Die Neue Synagoge in Danzig / Gdansk
Von dieser ehemaligen Danziger Sehenswürdigkeit ist
seit dem Jahr 1939 nichts mehr zu sehen. Schon sechs Jahre,
bevor sowjetische Brandbomben die Stadt in Schutt und Asche gelegt
hatten, war die Danziger Neue Synagoge bis auf den letzten Ziegel
abgerissen.
Die Synagoge wurde im Jahre 1883 mit einem großen
Festakt eingeweiht. Der mit neo-isla- mischen Stilelementen versehene
Bau verwendete den nord- deutschen Backstein, die nordische Variante
des orientalischen Synagogenbaustils, die das gewachsene Selbstbewußtsein
der kurz zuvor zu voller Gleich- berechtigung erlangten jüdischen
Mittelschicht ausdrücken sollte.
Jahrhundertelang waren Juden in Danzig nicht erwünscht.
Eine Ansiedlung von Juden wurde nicht geduldet.
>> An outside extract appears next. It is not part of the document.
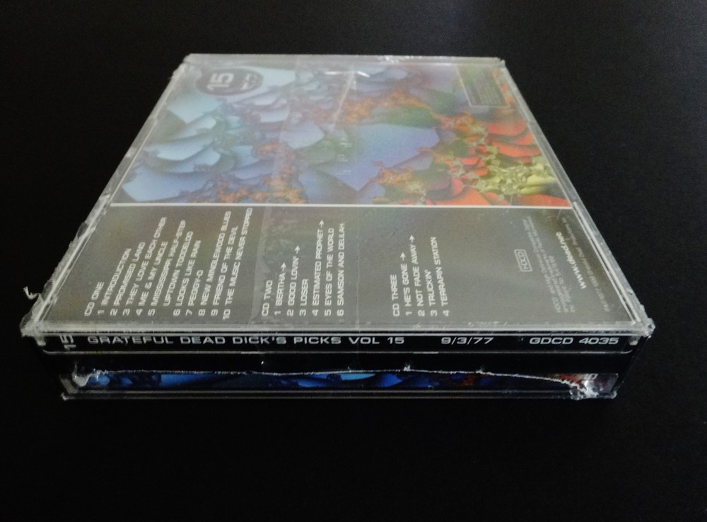 Grateful Dead : Dick's Picks 15 Volume Fifteen : September 3, 1977 ( 9/3/1977 ) - Raceway Park - Englishtown, New Jersey ( NJ ) : 3 CD : 1999 (1977/1999) Grateful Dead Productions, Inc. ( GDP ) - GDCD 4035 : Original ! First ( 1st ! ) Printing ! : Brand New / Factory Sealed ! : Out of Print !! ... & Very-Rare !!!!! Dick's 1st Posthumous Release ! & One of the Very-Best !! " Dick's Picks " Ever !!!!! ... The " Original ! " GDP, Inc. First ( 1st! ) Printing -- GDCD 4035 !!! - Brand New / Factory-Sealed !!!!! The Grateful Dead treating a Massive-Crowd ! in the New York Area to an Exceptional Concert ! on the 1977 " Terrapin Station " Tour !!!!! Englishtown '77. Simply mention " Englishtown " in the Deadhead Universe & People-Listen, because they know just exactly what You are Saying !!! This Monumental ! Dick's Picks Volume 15 release marks the 3rd return from the fantastic year of 1977 Grateful Dead. The sad part however, is that this is the 1st ' Posthumous Release ' with Dick Latvala " Keeper of the Vault " passing in 1999 and joining Pigpen, Keith, Brent & Jerry. Very sad for us, but maybe not so bad for them since they probably have one heck of a band up there - with Dick's still rollin' the reels ! The inside Liner Notes feature a photo of the completely massive Englishtown crowd ( looks like 100,000's + of Dead Fans ?!! ) and right next to it lies the following message: "People of Earth.... Greetings from the great beyond. I am contacting you at this time to assure you that all is well and to let you know that Dick's Picks shall continue in my absence just as before. My plans for future releases are well known to my teammates and they have sworn with their blood to remain true to the cause. I hope this release will alleviate any doubts concerning my posthumous powers." -- And for the years to come, Dick's teammates did indeed keep this promise - all the way through Dick's Picks # 36 ( released in 2005 ). So, I'm not entirely certain if this release was initially " planned " as DP # 15 ?, or if it was perhaps pulled out of order and numbered / released ( impromptu ) as # 15 in Mr. Latvala's honor ?? The reason I puzzle this quandary, is because 9/3/77 is an UNBELIEVABLE !!! Heater - a Stellar-throughout Cosmic Chunk of Grateful Dead ! I mean just look at the size of the crowd they are playing to -- totally amazing ! This is a serious Rock-Concert situation, in a serious Rock-Concert region, right at the tail-end of the Rock-Concert Golden Era : the Late-70's !!! There are as many rockers ( i.e. Promised Land - Minglewood - Music ), as there are subtle-sweet tunes ( T.L.E.O. - Peggy-O - F.O.T.D. ) in the 1st Set with exceptional music & vocal efforts. The Music Never Stopped is indeed awesome & powerful ! Set 2 offers a " Rock 'n Roll " History style delivery by the Dead : Bertha > Good Lovin' offers a memorable vocal rap by Weir on the back end while trading with Donna & the Boys. Jerry puts his trademark stamp on Loser ! For the back-end of the 2nd Set ( CD-3 ), you'd just as well go put on your seat-belt because you are in for a ride ..... He's Gone > NFA ( one of the best, seriously. ) -- ( it should be noted that Garcia puts the hammer-down on the MXR Distortion + pedal ( chords & leads !! ), and to this day I cannot listen to this without getting goose-bumps -- it'll cook your speaker cones for dinner ! ) > Truckin' ( WoW ! ). Then Phil comes out and delivers an ad for the Deadheads to Go & Buy " Terrapin Station " - how awesome, as those were certainly the days. Note : In an effort to honor Phil's request, let's see ?? OK, I've purchased " Terrapin " on vinyl, cassette, CD, CD Again, CD Remaster. Yes, he is right -- it is that important. Then they step up to the mats, and deliver a wonderful & heartfelt version of " Terrapin " as an Encore for the New York Metro die-hard fans. Earth to Dick ... you have been honored in this release. But wait, YOU ! picked it -- so you actually honored Us ! in turn, yet once again ?!! And for that ( & this ! ) we say " Thanks Dick !!!! ". TRACK LISTING >>> Grateful Dead recorded ' Live ' at Raceway Park in Englishtown, New Jersey on September 3rd, 1977 ( 9/3/1977 ) : CD 1 : Introduction Promised Land They Love Each Other Me & My Uncle Mississippi Half-Step Uptown Toodeloo Looks Like Rain Peggy-O New Minglewood Blues Friend Of The Devil The Music Never Stopped CD 2 : Bertha > Good Lovin' > Loser Estimated Prophet > Eyes Of The World Samson And Delilah CD 3 : He's Gone > Not Fade Away > Truckin' Terrapin Station ( Encore ) * Item Condition * : This Very-Rare !!! Out of Print ( 1999 GDP release ( GDCD Original 1st Printing ! ) ) Grateful Dead Dick's Picks 15 ( 9/3/77 Raceway Park, Englishtown, NJ ) 3-CD Set ( 1999 GDP, Inc. / Original 1st Printing ! / GDCD 4035 ) is Brand New / Factory-Sealed ! * Please Note * : There is some light surface wear, and very light severing on the factory-sealing shrink wrap (please see photos). There is also a hairline crack ( approximately 1" ) on the CD Case back panel - located on the bottom right corner area (please see photos/close-up photo #12). A brand new pair of CD Jewel Case plastic panels will be included which can be easily inserted ( snapped-in ), so this brand new Dick's Picks #15 3-CD Set will be in brand new perfect-mint condition for your CD Collection. This CD Set has been carefully stored next to other CD Cases in my professional CD rack. Please see all photos provided. Photos included are of the actual item you will receive. Englishtown '77 !!! Enjoy !!!!! Please ask any questions before bidding/buying & Best of Luck ! ( also ... please feel free to click the 'see other items' button above to check out my other related live listings - Thanks ! ) U.S. & International buyers welcome (additional shipping charges & delivery time will apply for international destinations). Shipping charges include delivery confirmation on every item. Returns accepted within 14 days of purchase if item is returned brand ne

Lediglich während
des Dominikanermarktes
durften Juden für kurze Zeit die Stadt betreten und Handel treiben.
Aber auch das ließ sich Danzig teuer bezahlen. So setzte eine Verordnung
von 1752 fest, dass für einen Einmonatsaufenthalt eines jüdischen
Kaufmanns eine 12-Gulden-Taxe zu entrichten war. Ließ sich der Kaufmann
von einem Bediensteten begleiten, waren weitere 4 Gulden fällig.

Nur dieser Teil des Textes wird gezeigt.